5.UNDERSTANDING THROUGH THE EXAMINING ELECTRIC FIELDS
To supplement the understanding of the transmission line mode (at around 400 MHz) and the radiation mode (at around 1.5 GHz) for this setup, the electric fields are displayed in Figs. 6,7 and 9. Fig. 6 shows the electric fields at 400 MHz as a probe plane travels down the length of the arm model starting at the source of the arm band where the field strength is the strongest. As this probe plane travels down the arm away from the arm band, a small quantity of electric fields continue to propagate tightly to the arm model. The intensity of electric fields is very small radially away from the arm model throughout the propagation. This behavior suggests that transmission line properties are indeed exhibited around 400 MHz. Note that in the simulation depicted in Fig. 7a, in the cross section plane located along the arm band, the field drops from -30 dB at the outer surface of the arm band to -50dB at 8mm away from this surface (in air).

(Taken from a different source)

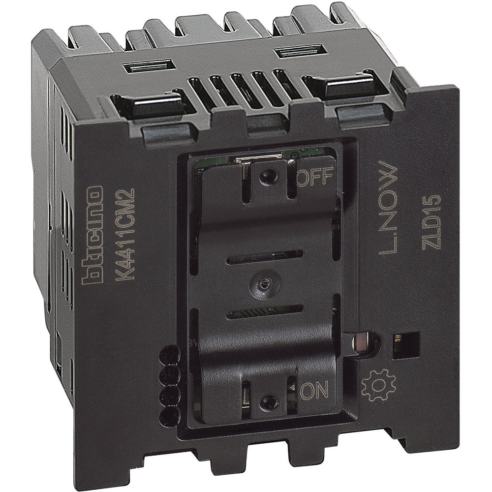 Con 3 funciones para el control de iluminación: interruptor, regulador y led de localización para configurar activación desde el APP. Fácil instalación, no requiere Neutro para reemplazo directo por un interruptor. Compatible con toda carga desde 5W hasta 300W. Alimentación del módulo 100- 240 Vac - tamaño 2 módulos. Se suministra con un compensador para una total compatibilidad con lámparas LED. Puede ser asociado a 1 o más comandos inalámbricos.

Compared to the field distribution generated by method reported in [4], the field drops about 10 dB between from the electrode surface and approximately 2 cm away into the air. Therefore, our on-skin channel platform presented here shows to produce highly confined signals allowing extra security and privacy at the physical layer of a communication network. Fig. 7 depicts a different type of wave propagation at 1.5 GHz. In this figure, a strong intensity of electric fields is present radially away from the arm model. This intensity remains strong radially away from the model as the probe plane travels down the arm. It is concluded that the signal propagation at this frequency is due to radiation. Finally, Fig. 9 shows the electric fields when a 5 cm gap is inserted into the model. At 400 MHz, the signal is tightly confined to the model without radial propagation, but at 1.5 GHz, the signal is radiated away from the arm regardless of the existence of a gap. Therefore, the transmission line properties at 400 MHz and the radiation properties at 1.5 GHz are maintained regardless of any discontinuities in the model.